The gains that ISIS have made in recent weeks in Iraq demonstrates American military policy is not working, and air strikes alone will not stop and halt the advance of Islamic State fighters. Only a large, professional, fierce Arab army could do that, such as the Egyptians. Meanwhile, the avowed US objective of regime change in Syria, with the hoped for expulsion of the Assad regime has still not come to fruition almost 4 years on from it's adoption by former Secretary of State Hillary Clinton. The US lacks an overarching, grand strategy for dealing with Syria.

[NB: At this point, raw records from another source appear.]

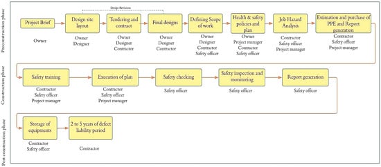 It is also important to understand the flow of these safety-related processes, the stage at which they are conducted, and the people who are involved in this process during the lifecycle of the construction project. On a typical construction project, the execution of work is mainly carried out in three different stages consisting of preconstruction, construction, and post-construction [21]. The preconstruction stage mainly includes the project brief, defining the client/user’s requirements and objectives in sufficient detail to enable the proposed facility to be designed and specified [22]. Designing is the most important step in any construction project. Based on designs, the contracts and tendering are invited for procurement. Various contractors submit their tenders. Considering the safety procurement, for large-scale projects following good safety measures, a separate safety department is appointed, but in the case for small-scale projects, safety is taken up by local contractors [23]. At the design stage, the factor of safety is considered by the designers. The factor of safety is the load-carrying capacity of a structural system beyond what it supports. Thus, the safety consideration in conventional design pertains to structural safety, as opposed to the practice of site safety management. Designers are not asked to consider worker safety [23], and, in the current safety practice, designers are held responsible for the safety of end-users while construction worker safety is the contractors’ responsibility [24]. After the finalization of the project by contractors, the planning department, along with the safety officer/inspector, defines the scope of work and finalizes the activities and their estimated times. The individual plan for each construction activity, i.e., excavation, slab-laying, etc., is designed as per the scope. Further, as per the scope, a health and safety plan is designed, which involves a Job Hazard Analysis (JHA) as a key tool to identify how to perform a step-by-step appraisal of the “job tasks and early identification of any hazards associated with the task, so controls to mitigate the hazards can be introduced”. This critical step, with its emphasis on job task analysis, ensures the early identification of hazards before they result in injury. Hazards are difficult to predict because even though the activities performed are similar or even the same, every construction project has its unique location, time schedule, and work conditions [25]. Moreover, construction sites are dynamic, and even if the hazards were accurately predicted for such precisely defined conditions, there is a large probability that the conditions could change by the time the construction activity is scheduled to be performed. The next step after identifying hazards and before deciding on mitigation strategies is determining the risk levels of the hazards. The risk level is most often determined by multiplying probability and severity scores. Quantifying severity, on the other hand, is much more abstract and is dependent on the safety expert’s judgment [25]. Further, as per the requirements made in the JHA plan, the safety equipment is estimated and purchased for execution.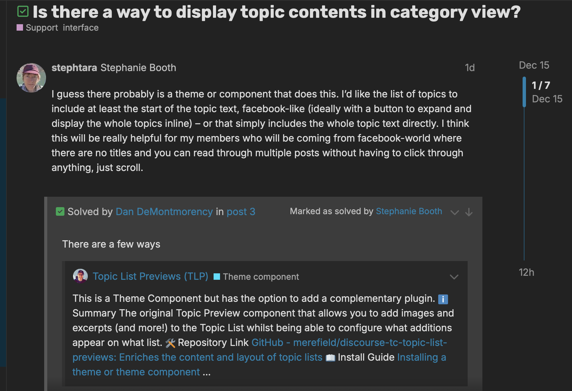 Green checkmark next to the title, with a box that says “Solved By [username]” with their exact reply that fixed the issue.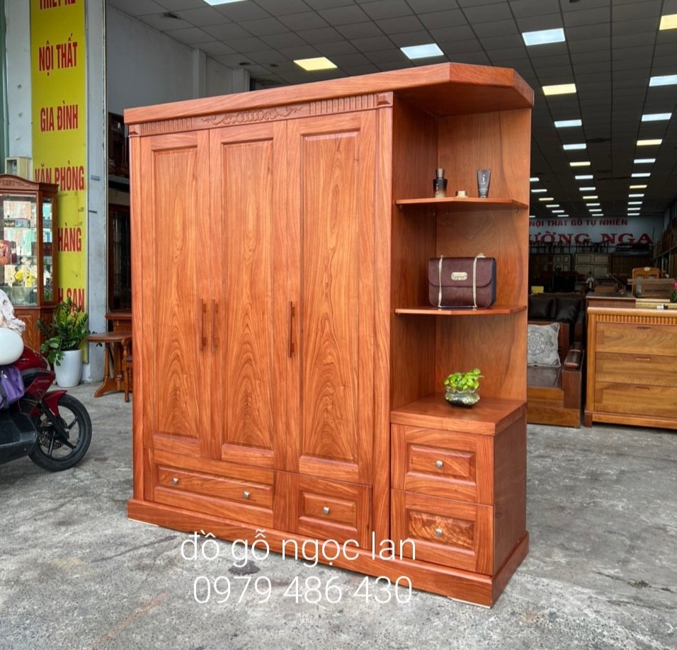 tủ quần áo 3 cánh gỗ hương đá góc trang trí - vế phải , hiện đại T HD 12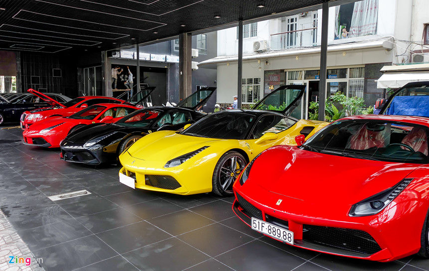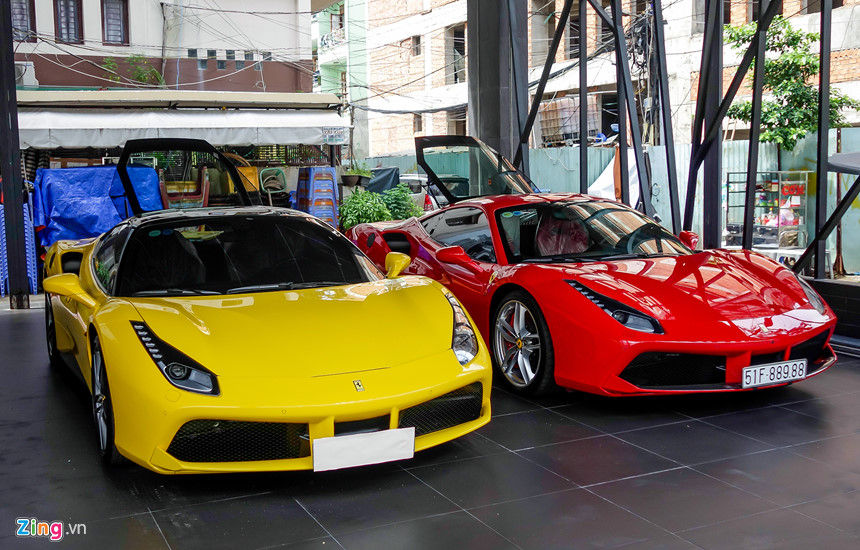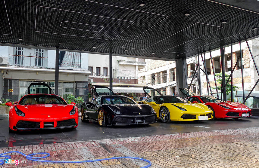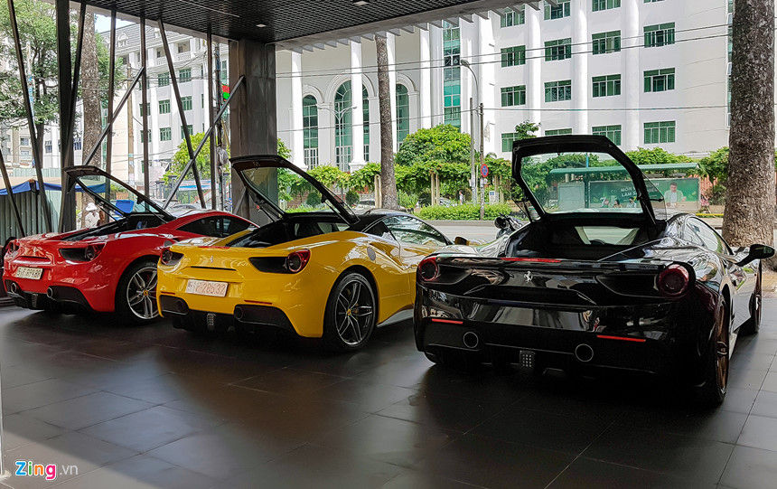Số lượng siêu xe tại TP.HCM đã lên tới hàng trăm chiếc, vì vậy các giao dịch, trao đổi cũng nhộn nhịp hơn. Một cửa hàng tại TP.HCM hiện trưng bày toàn siêu xe và xe siêu sang để bán cho các khách hàng giàu có.Có bốn chiếc Ferrari 488 GTB cùng được trưng ở đây. Giá trị mỗi chiếc ước tính khoảng 15 tỷ đồng, tổng giá trị dàn siêu xe này là trên 60 tỷ đồng.Đây đều là những chiếc xe đã qua sử dụng. Chủ xe mua về sau vài tháng nhưng có nhu cầu đổi xe mới thường đem tới đây ký gửi, chờ khách hàng mới rước về. Trong khi thị trường xe sang và xe bình dân trầm lắng thì phân khúc siêu xe và xe siêu sang không bị ảnh hưởng nhiều do khách hàng đều thuộc giới siêu giàu.Đây là chiếc Ferrari 488 GTB màu đen, về Việt Nam từ trước tháng 7/2016. Ferrari tại Việt Nam khá nhiều nhưng đa phần màu đỏ và màu trắng, vì vậy chiếc xe màu đen trở thành hàng hiếm.Ferrari 488 GTB là thế hệ đàn em của 458 Italia. Xe sử dụng động cơ tăng áp, dung tích 3,9 lít, công suất cực đại lên tới 661 mã lực và 760 Nm mô-men xoắn. Đây là chiếc thứ 5 của dòng này tại Việt Nam, về nước hồi tháng 4/2016.Trong các model của Ferrari, 488 GTB được các thiếu gia Sài Gòn ưa chuộng nhất bởi kiểu dáng đẹp và mức giá hợp lý. Tuy nhiên từ sau khi tăng thuế tiêu thụ đặc biệt, các dòng siêu xe hiếm có cơ hội về Việt Nam, vì vậy thị trường siêu xe trong nước chủ yếu mua đi bán lại những chiếc xe cũ.Ngoài Ferrari, địa điểm này còn có ba chiếc Rolls-Royce, gồm hai chiếc Wraith và một chiếc Ghost. Bên cạnh là chiếc BentleyContinental GT V8 giá trên 11 tỷ đồng.

So, we have a Middle East torn apart in two key, historic states in the heart of the Levant – Syria & Iraq; we have a simmering cauldron of tensions in Egypt with an upsurge of worrying Islamist inspired attacks in the Sinai peninsula; an open air prison in Gaza and humanitarian disaster occurring there; Shiite insurrection in Yemen played out as a proxy war between the allies of Sunni Islam led by Riyadh and the representatives of Shia Islam, embodied in the Shiite theocracy in Iran; a United States desperate to strike a nuclear bargain and grand deal with Iran while traditional US allies and friends like Israel and the Saudis are incandescent with anger at what they perceive to be an American attempt to re-balance the dynamics of regional relationships with a rebooted and reinvigorated new strategic partnership with a more moderate, restrained and globalised Iran.The Middle East has never been more unpredictable and threatening since the days of the Arab-Israeli wars in 1948, 1967 and 1973. In the age of globalisation this instability and danger could easily spread to all our shores. President Obama has presided over the growth of a security terrorist threat in the Middle East which will make al-Qaida and it's blowback look like a walk in the park compared to the discipline and ruthless, savage fighting talents of ISIS.

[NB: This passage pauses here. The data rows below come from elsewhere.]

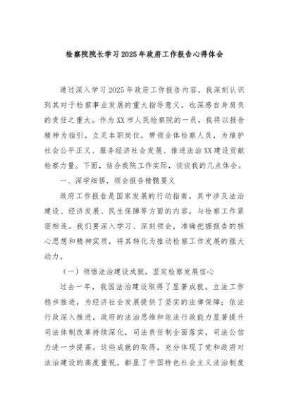 【七哥公文】2025年:检察院院长学习2025年政府工作报告心得体会+更多免费公文+VX:QiGeGongWen2024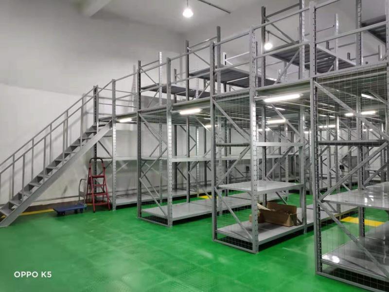 閣樓貨架系統(tǒng),通常利用中型擱板式貨架或重型擱板式貨架作為主體支撐加上樓面板(根據(jù)貨架單元的總負載重量來決定選用何種貨架),樓面板通常選用冷軋型鋼樓板、花紋鋼樓板或鋼格柵樓板。近幾年多使用冷軋型鋼樓板,它具有承載能力強、整體性好、承載均勻性好、精度高、表面平整、易鎖定等優(yōu)勢.有多種類型可選,并且易匹配照明系統(tǒng),存取、管理均較為方便。單元貨架每層載重量通常在500kg以內(nèi),樓層間距通常為2.2m~2.7m,頂層貨架高度一般為2m左右,充分考慮工作人員操作的便利性。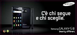 Per il lancio del nuovo smartphone top di gamma Galaxy S II, Cheil Italy supporta Samsung con una campagna di comunicazione su affissione, digital e un’operazione speciale a Milano.La campagna si fonda su un concetto di libertà e di rottura rispetto alle mode correnti, presentando Galaxy S II come alternativa per tutti coloro che hanno la capacità di scegliere in modo indipendente e svincolato. E ribadisce il posizionamento della sub-brand Galaxy, 'Smartly different'.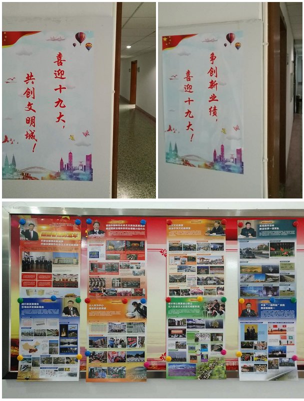 “以优异成绩迎接党的十九大胜利召开!”、“争创新业绩,喜迎十九大!”,一幅幅艳丽喜庆且振奋人心的主题标语醒目的张贴在公司办公大楼各个楼层、墙面。在公司楼厅宣传栏里,张贴了“砥砺奋进的五年”6幅宣传画,全方位的向公司干部职工介绍了祖国各方面建设所取得的新成就……为党的十九大胜利召开营造出浓厚的充满正能量的宣传氛围。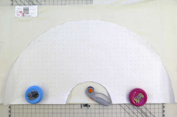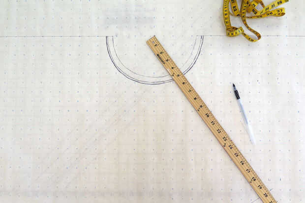 Ahora por la mitad más fácil del vestido, la falda de círculo. Primero hice un patrón de papel, usando matemáticas. Wow, imaginar usar pi en confección. Tomar la medida total en la parte inferior de su blusa (excluyendo el margen de costura para donde va la cremallera) y dividir por pi para obtener el diámetro interior. Dividir por dos para el radio, y desde un punto central uso una regla a punto ese radio a lo largo de un medio círculo por lo que será la costura de la cintura. Después del punto en el círculo externo de la longitud deseada de la falda.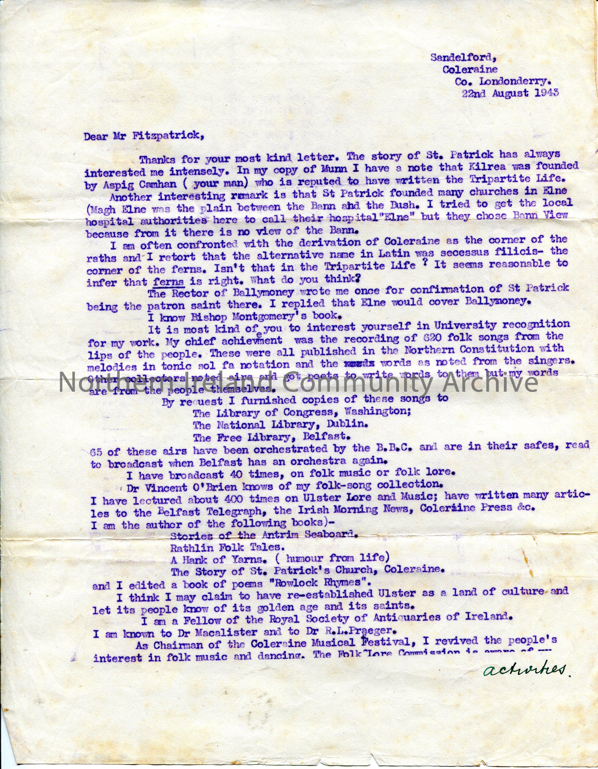 Carbon copy of a typed letter to Mr [Bryan] Fitzpatrick from Sam Henry. Writing re St. Patrick. Sam lists his achievements to date to help to get University recognition of his work from the National University of Ireland.

Barack Obama will almost certainly leave office in January 2017 with no Palestinian state; no long term and durable Grand Bargain with Iran; no peace and stability in Syria with a continuing blood bath there and attendant carnage next-door in Iraq. An inter-regional war could be on the horizon but not one between Israel and the Arab states, one between Sunni Islam and Shia Islam. He will leave to his predecessor an emboldened, confident Iran intervening regularly in Iraqi affairs vying ever more violently with Saudi Arabia for primacy in the Middle East.

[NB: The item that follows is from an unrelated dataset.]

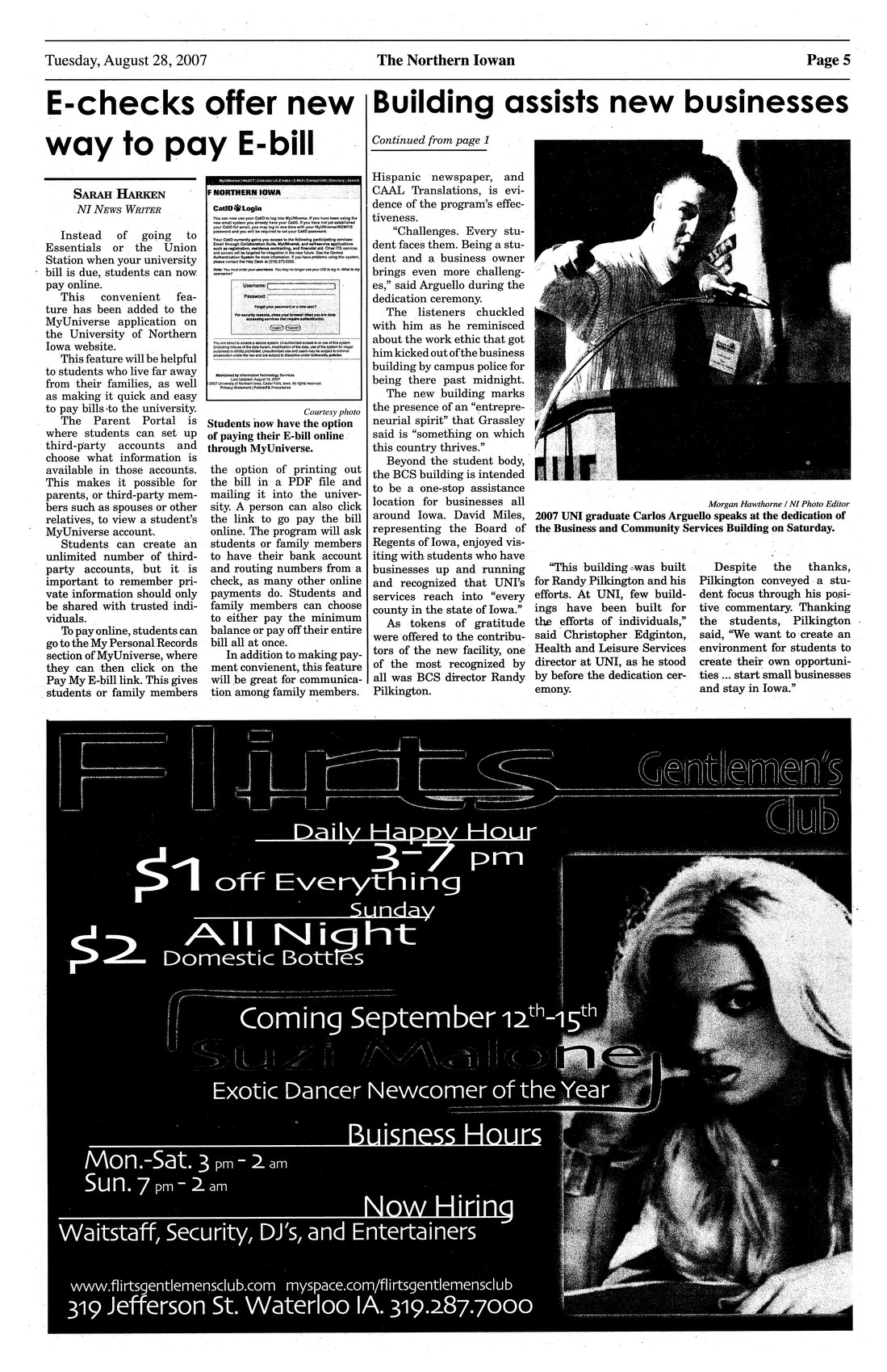 | E-checks offer new way to pay E-bill | Students can now pay their university bills online; via MyUniverse. |

In many ways, President Obama's positions vis a vis the Middle East is redolent of President Lyndon Johnson's stewardship of the Vietnam War. LBJ left to his successor Richard Nixon a huge albatross in the form of US military involvement on the side of the South Vietnamese government. It took President Nixon and his erstwhile Secretary of State Henry Kissinger to extract American forces, blood and treasure from drainage in the swamps of Vietnam.This time however, Mr.Obama could very well hand over a basket case of a Middle East to a Presidential successor from his own party: his onetime rival and fiercest critic turned loyal foreign policy chief and Secretary of State following on from Dr. Kissinger; Mrs Hillary Rodham Clinton. Or his failures in the Middle East could become to his party, what Vietnam became for the Democrats. Imagine if ISIS fighters successful breach American homeland defences and cause another 9/11 style terror attack? As Harold Macmillan used to quip, 'Events, dear boy, events'.